YOUR ASSIGNMENT => Could you please retype all of the records exactly, skipping any pictures?

Stored data
'''

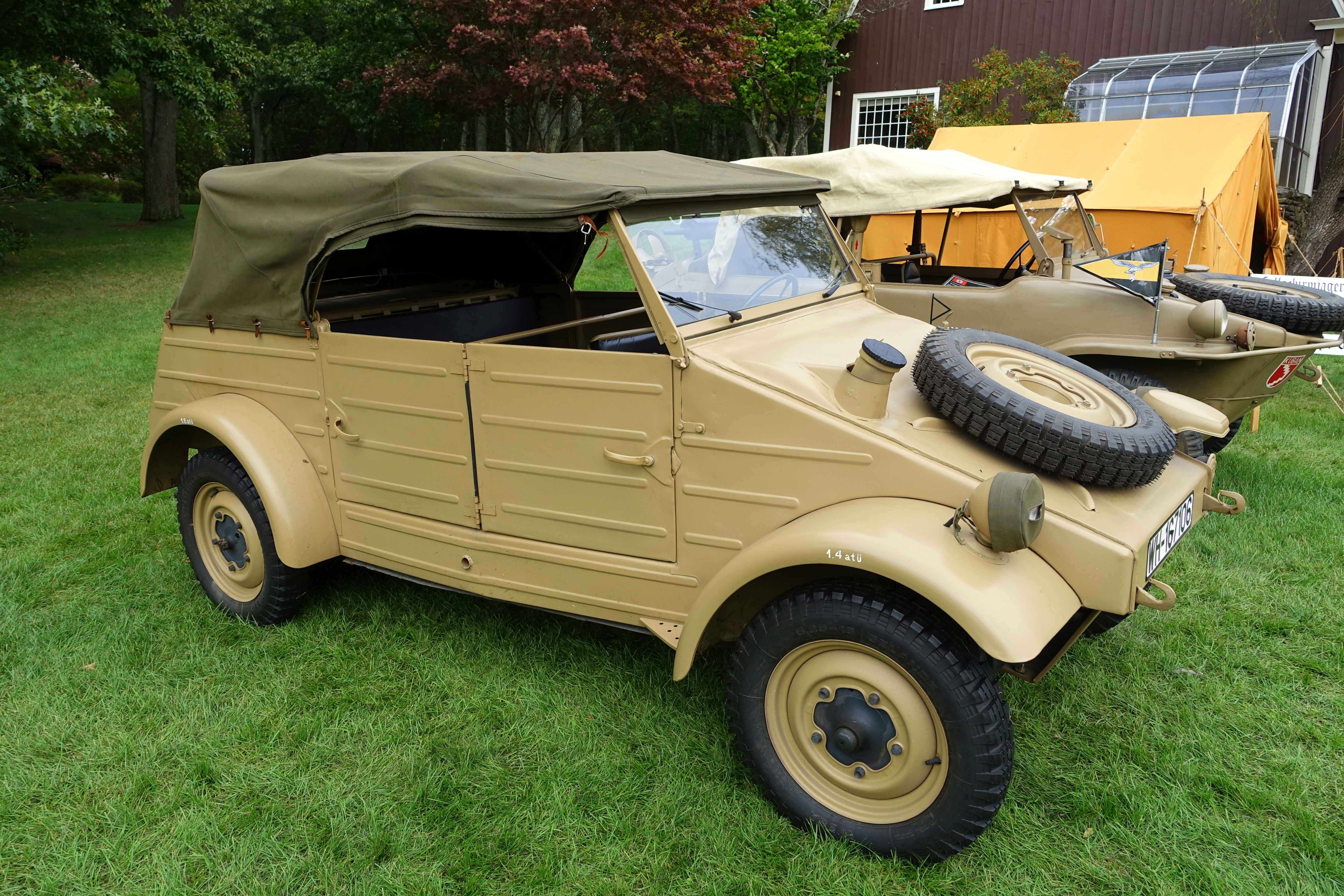 Battle for the Airfield, 2017 - Collings Foundation - Stow / Hudson, Massachusetts, USA.
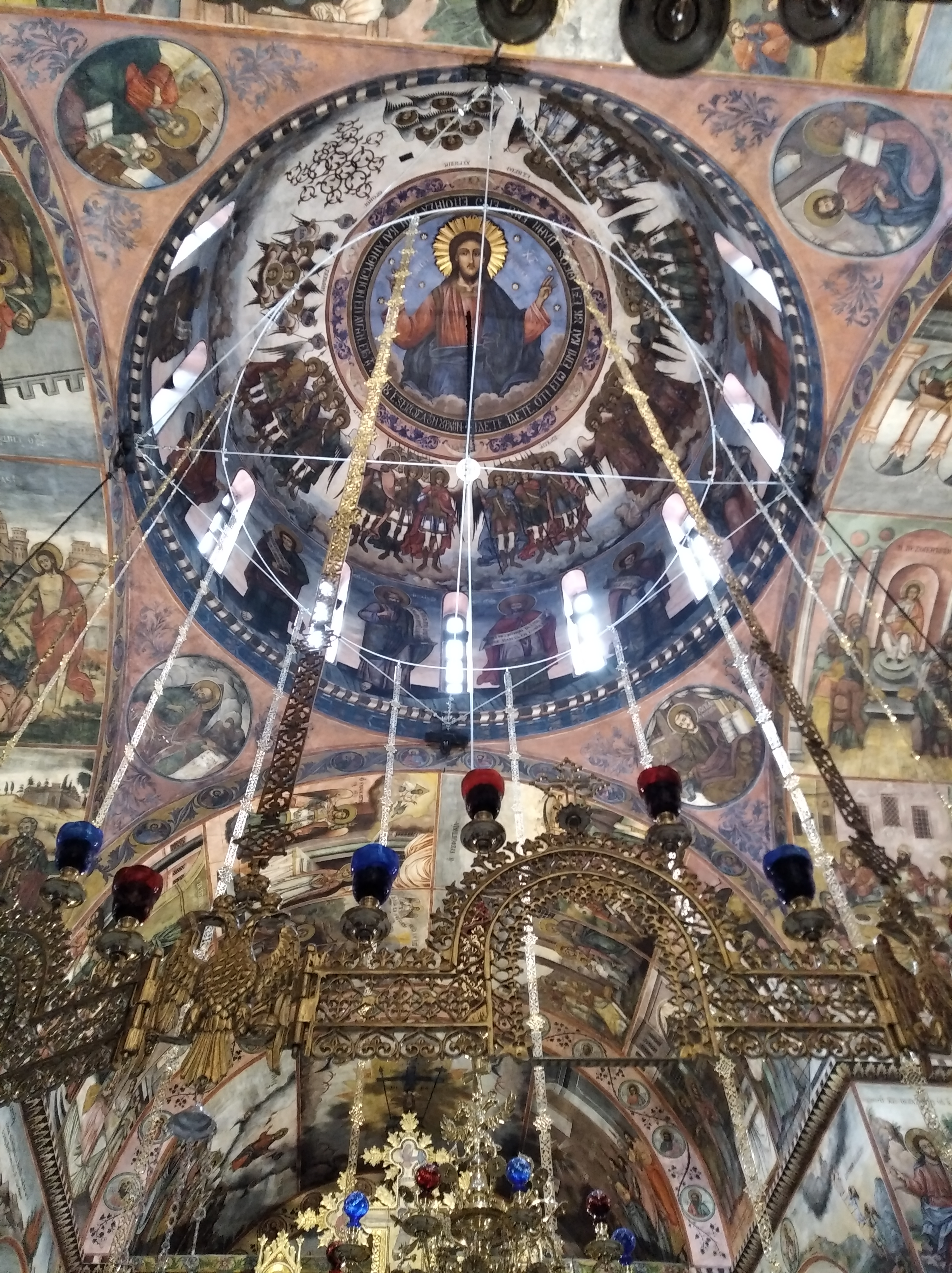 The view from inside of the Bachkovo monastery.
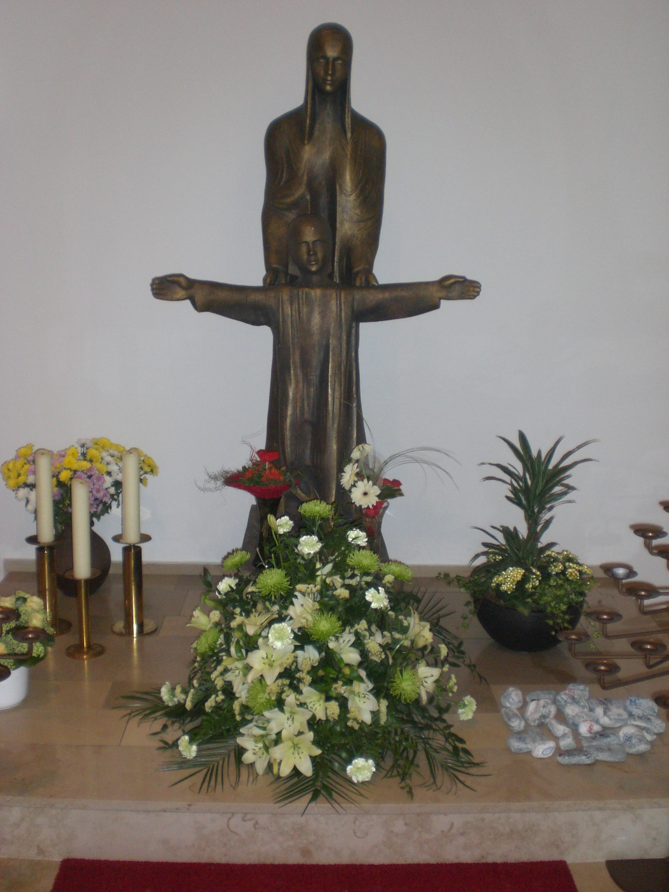 Augustinus Muttergottes
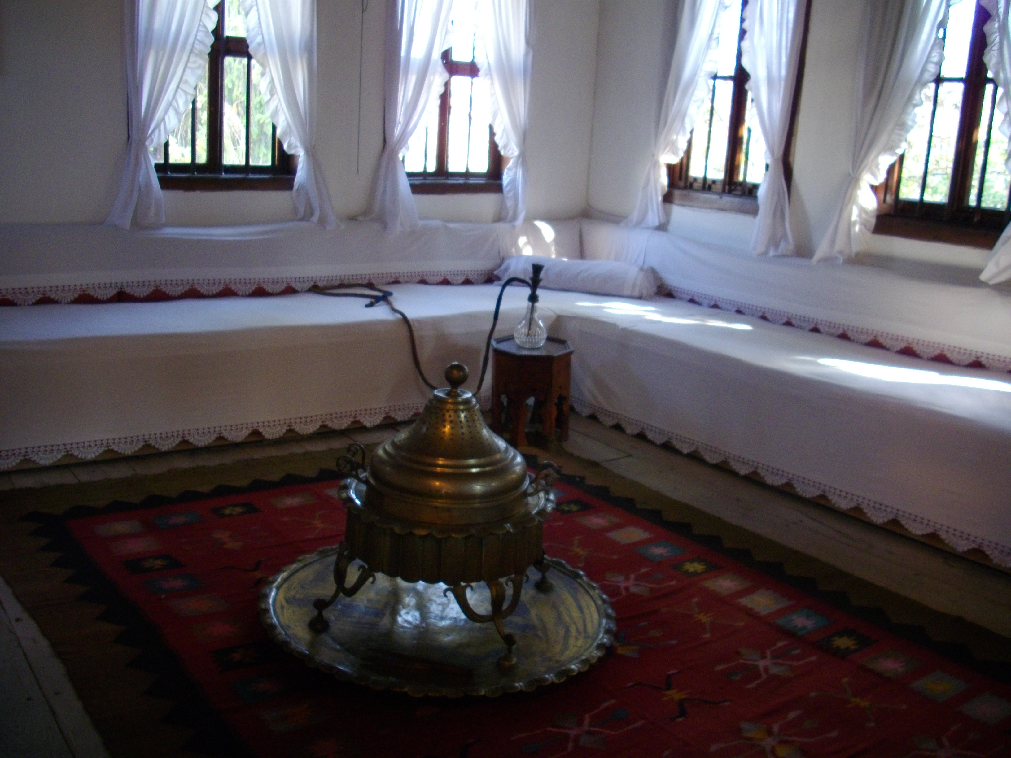 Стая в къща-музей "Лайош Кошут"
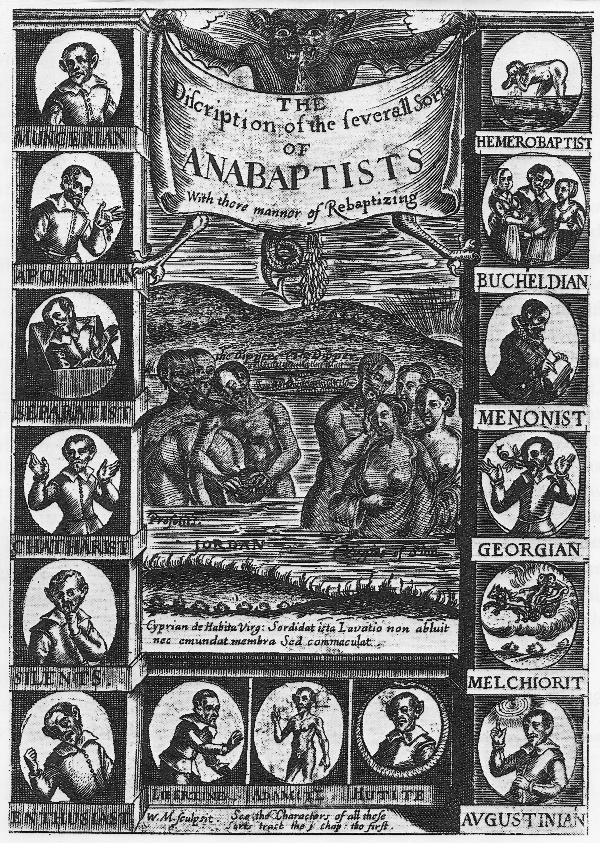 see source below
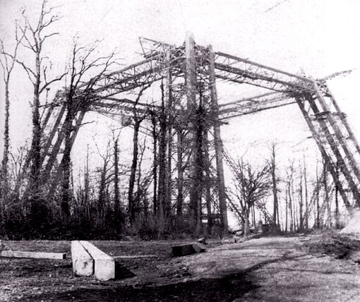 Watkin's Tower during construction
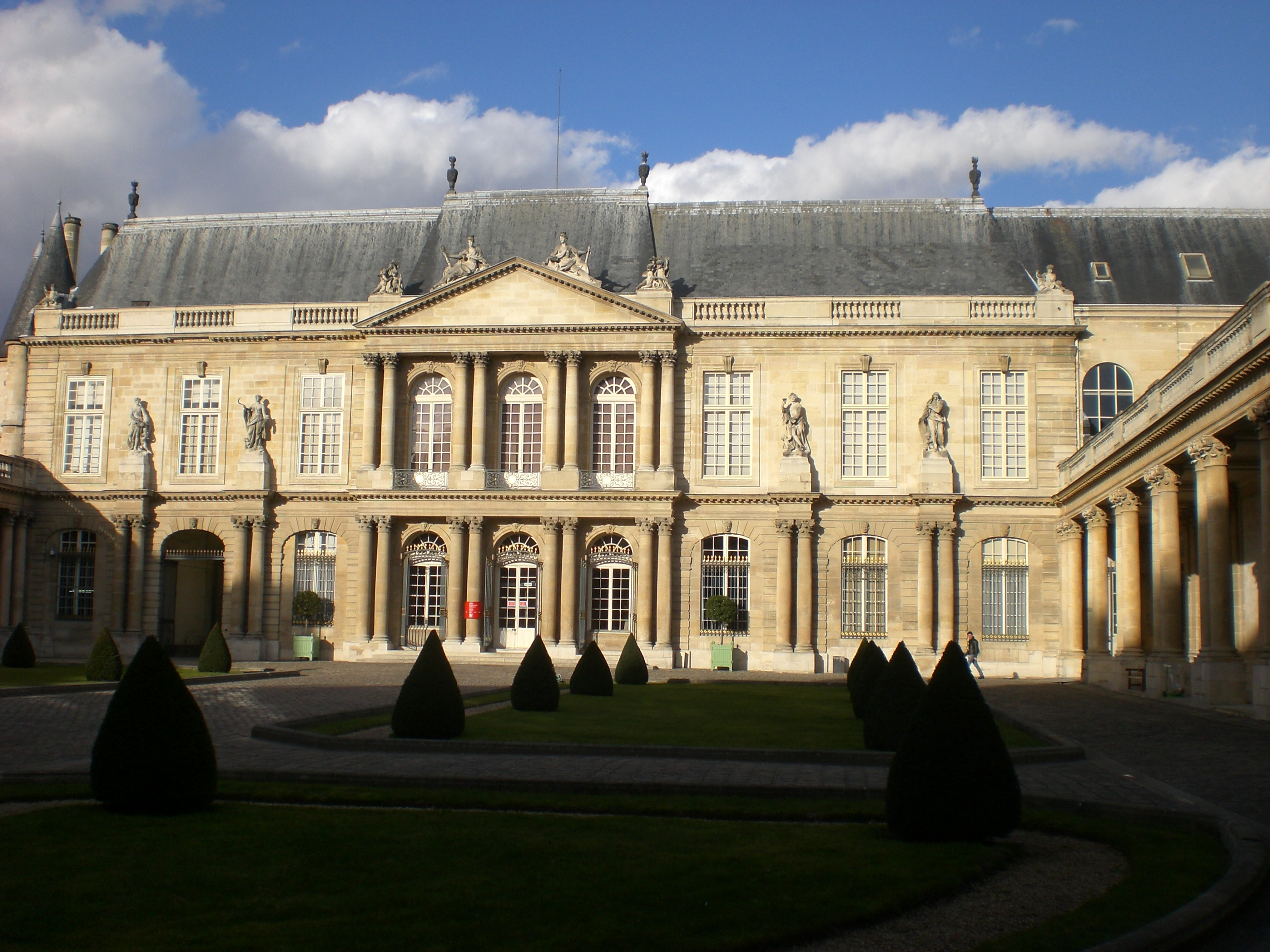 Paris, Hôtel de Soubise, XVIII Century
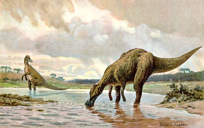 This reprodaction of a painting DUPA a hadrosaur of an undetermined (based on Edmontosaurus) genus and was made to illustrate one card of a set of 30 collector cards from "Tiere der Urwelt" (Animals of the Prehistoric World). From the series Ia. The set was inscribed 1916.
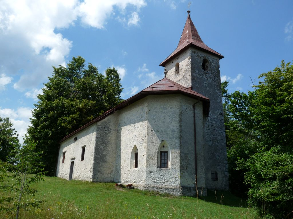 Sv. Duh na Polževem
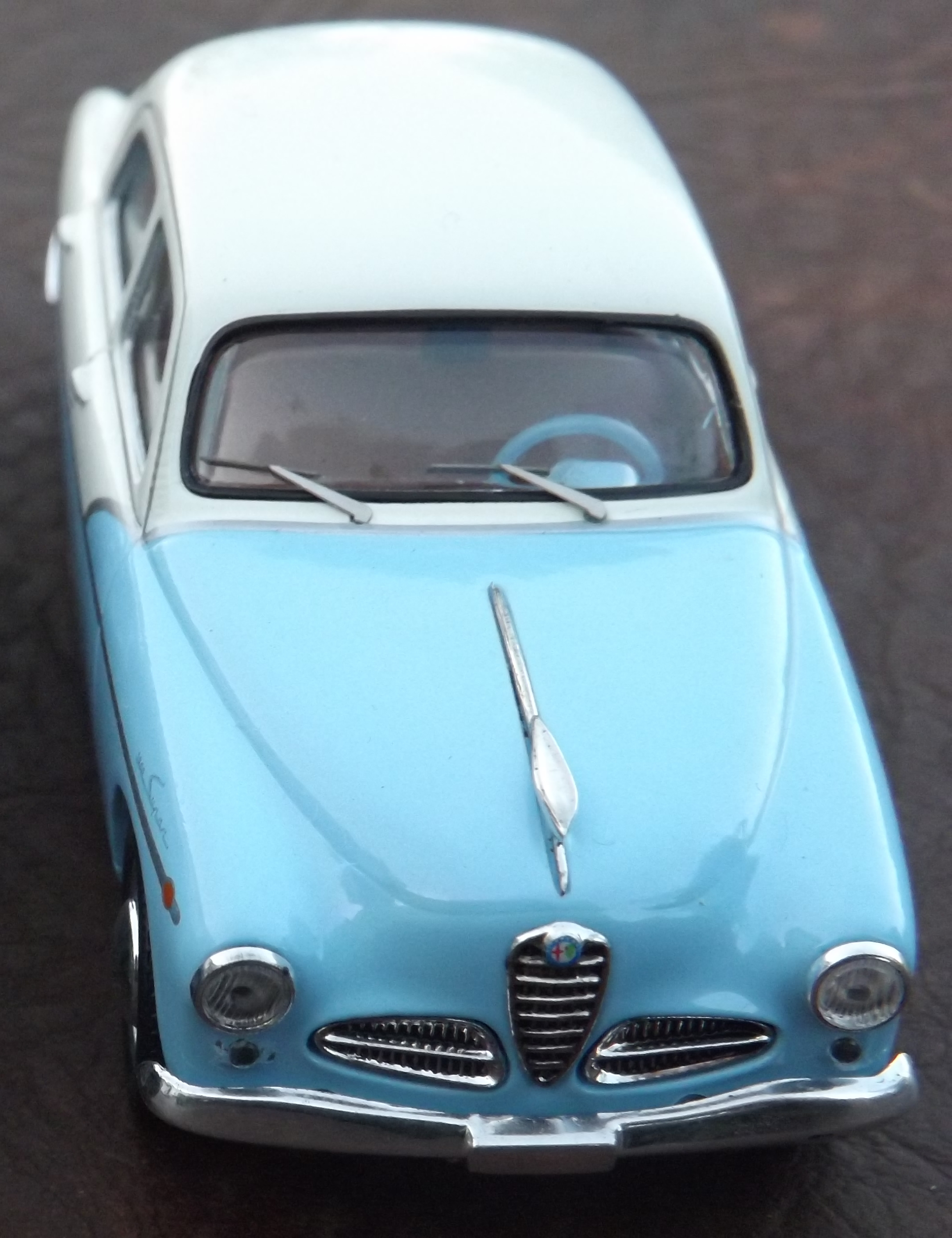 Alfa Romeo 1900 TI Super Berlina (1956) diecast by M4. Made in Italy
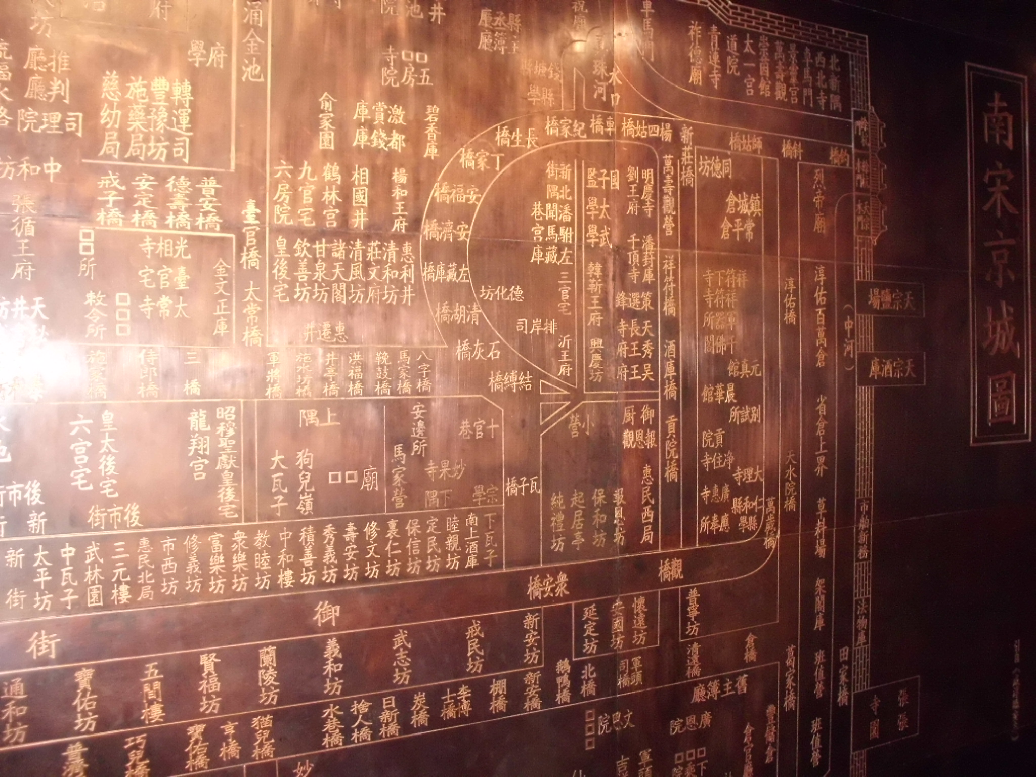 Hangzhou Urban Planning Exhibition Hall

'''

WRITTEN SOLUTION =>
 Battle for the Airfield, 2017 - Collings Foundation - Stow / Hudson, Massachusetts, USA.
 The view from inside of the Bachkovo monastery.
 Augustinus Muttergottes
 Стая в къща-музей "Лайош Кошут"
 see source below
 Watkin's Tower during construction
 Paris, Hôtel de Soubise, XVIII Century
 This reprodaction of a painting DUPA a hadrosaur of an undetermined (based on Edmontosaurus) genus and was made to illustrate one card of a set of 30 collector cards from "Tiere der Urwelt" (Animals of the Prehistoric World). From the series Ia. The set was inscribed 1916.
 Sv. Duh na Polževem
 Alfa Romeo 1900 TI Super Berlina (1956) diecast by M4. Made in Italy
 Hangzhou Urban Planning Exhibition Hall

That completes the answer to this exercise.